**What you have to do:** Reproduce, exactly and in full, only the lines below from the one containing "調理実習で、お弁当を作りまし" through the one containing "Ring: Size 7, stamped".

**Input data:**
-- -- --

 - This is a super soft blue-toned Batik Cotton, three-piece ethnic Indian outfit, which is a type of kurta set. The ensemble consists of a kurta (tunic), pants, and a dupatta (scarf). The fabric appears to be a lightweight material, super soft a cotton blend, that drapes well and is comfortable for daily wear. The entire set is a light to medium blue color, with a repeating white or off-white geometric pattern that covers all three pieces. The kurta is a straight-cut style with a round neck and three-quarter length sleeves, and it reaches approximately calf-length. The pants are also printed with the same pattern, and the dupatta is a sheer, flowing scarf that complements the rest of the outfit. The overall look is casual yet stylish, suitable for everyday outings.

-- -- --

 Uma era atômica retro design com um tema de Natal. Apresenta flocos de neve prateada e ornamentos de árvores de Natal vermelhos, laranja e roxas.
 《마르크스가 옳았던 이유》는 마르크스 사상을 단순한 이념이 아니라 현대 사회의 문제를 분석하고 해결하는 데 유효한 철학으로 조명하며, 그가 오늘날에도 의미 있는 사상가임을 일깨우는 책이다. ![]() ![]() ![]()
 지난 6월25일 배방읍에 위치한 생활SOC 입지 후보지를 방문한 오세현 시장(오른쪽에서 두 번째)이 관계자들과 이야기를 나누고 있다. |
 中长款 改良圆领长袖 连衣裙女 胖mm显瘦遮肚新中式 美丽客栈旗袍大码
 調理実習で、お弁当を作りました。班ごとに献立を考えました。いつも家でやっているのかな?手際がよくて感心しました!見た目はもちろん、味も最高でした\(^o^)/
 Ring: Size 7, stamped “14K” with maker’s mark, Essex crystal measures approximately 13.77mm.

-- -- --

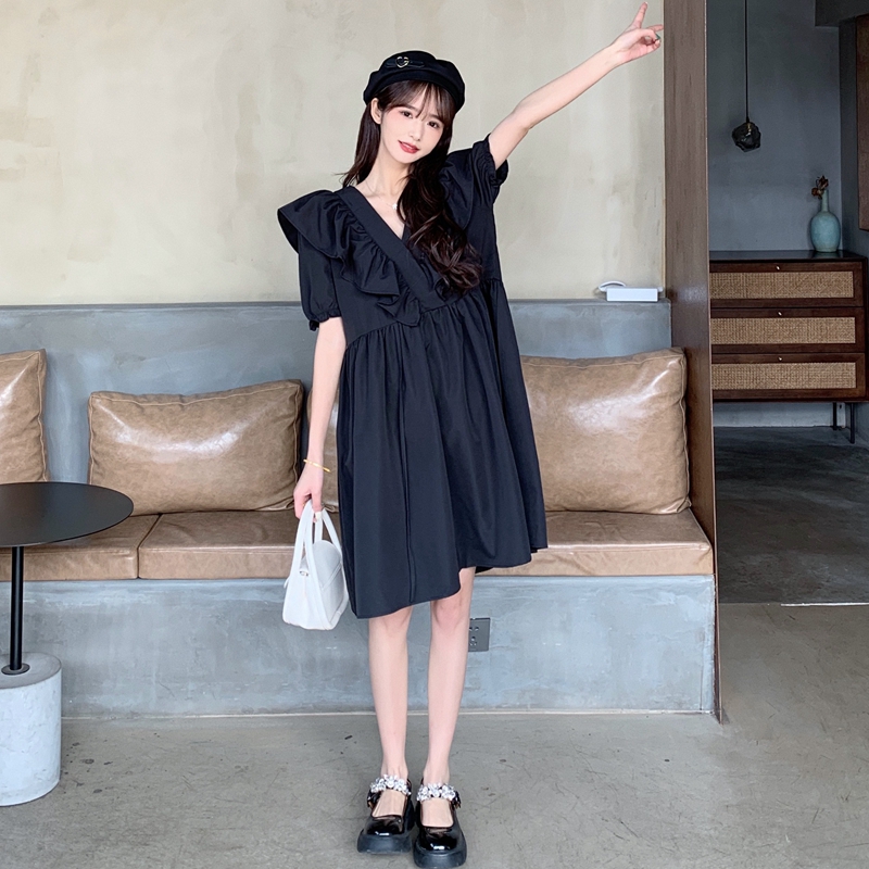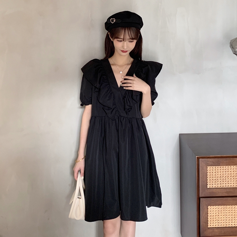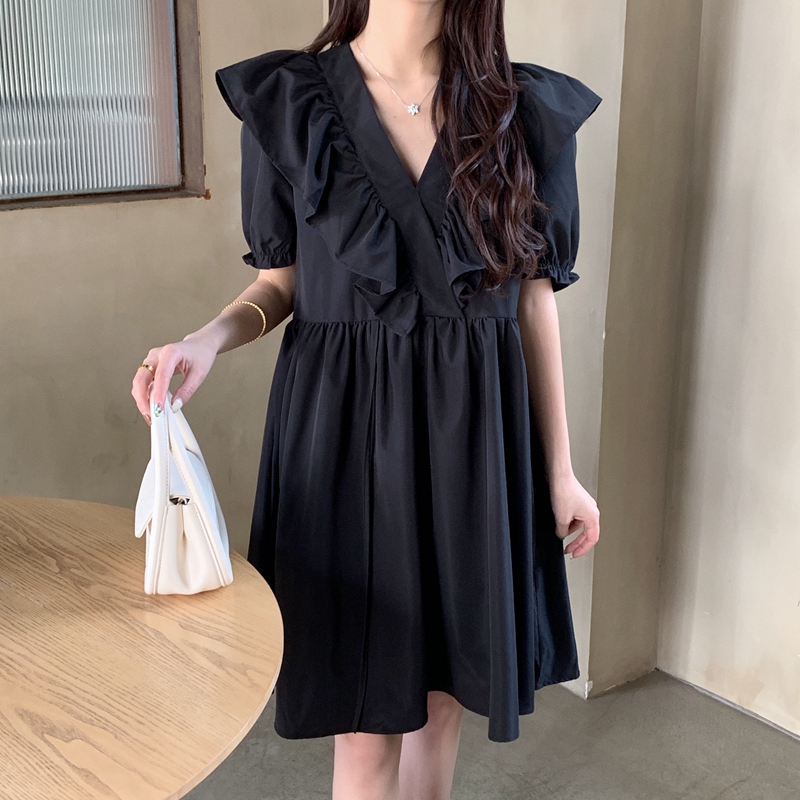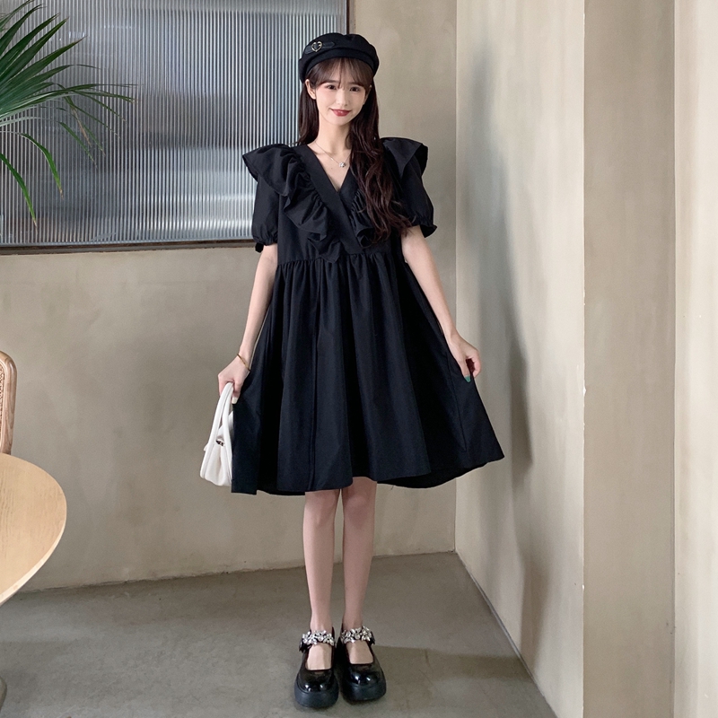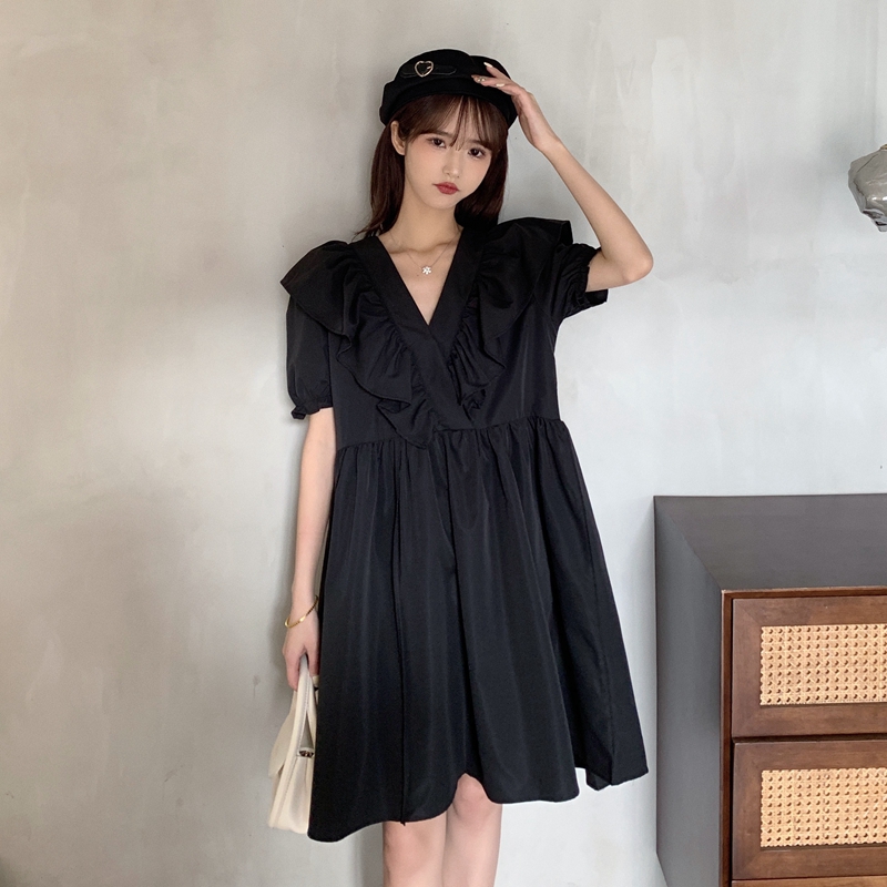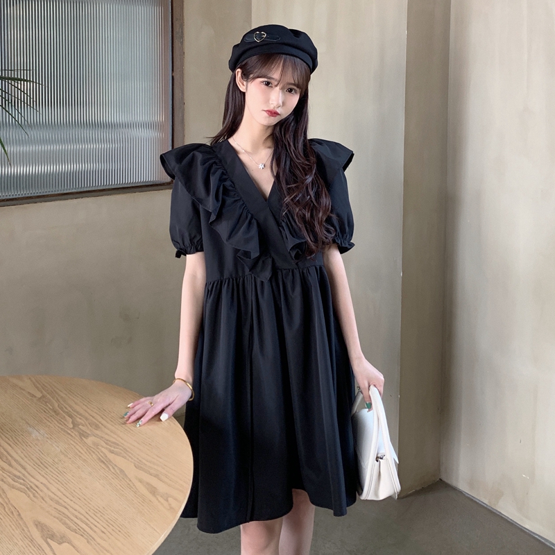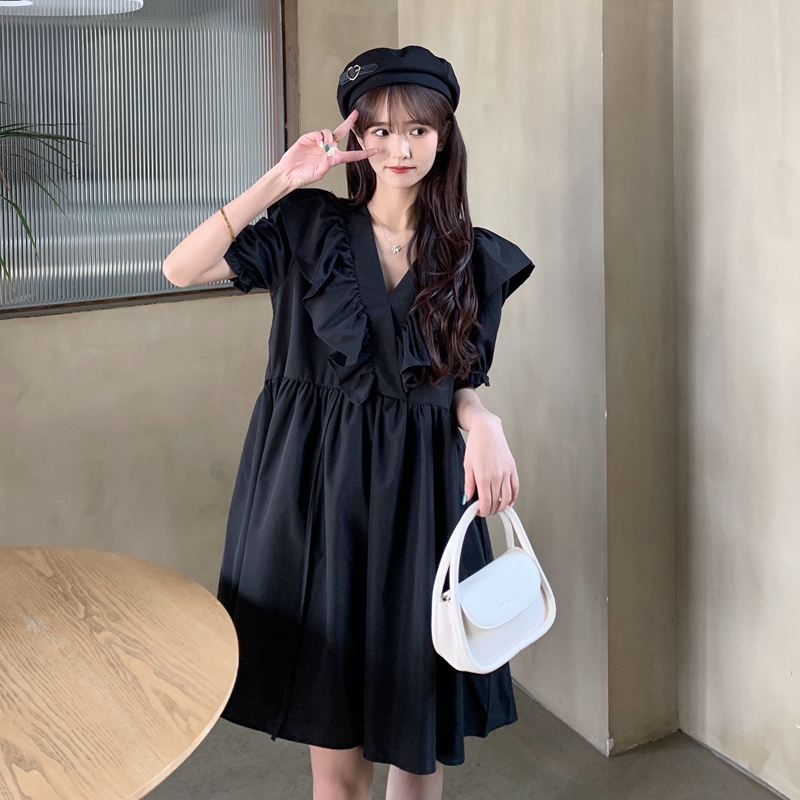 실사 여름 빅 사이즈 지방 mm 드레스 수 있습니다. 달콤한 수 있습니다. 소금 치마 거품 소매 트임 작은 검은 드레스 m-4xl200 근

-- -- --

**Result of the task:**
 調理実習で、お弁当を作りました。班ごとに献立を考えました。いつも家でやっているのかな?手際がよくて感心しました!見た目はもちろん、味も最高でした\(^o^)/
 Ring: Size 7, stamped “14K” with maker’s mark, Essex crystal measures approximately 13.77mm.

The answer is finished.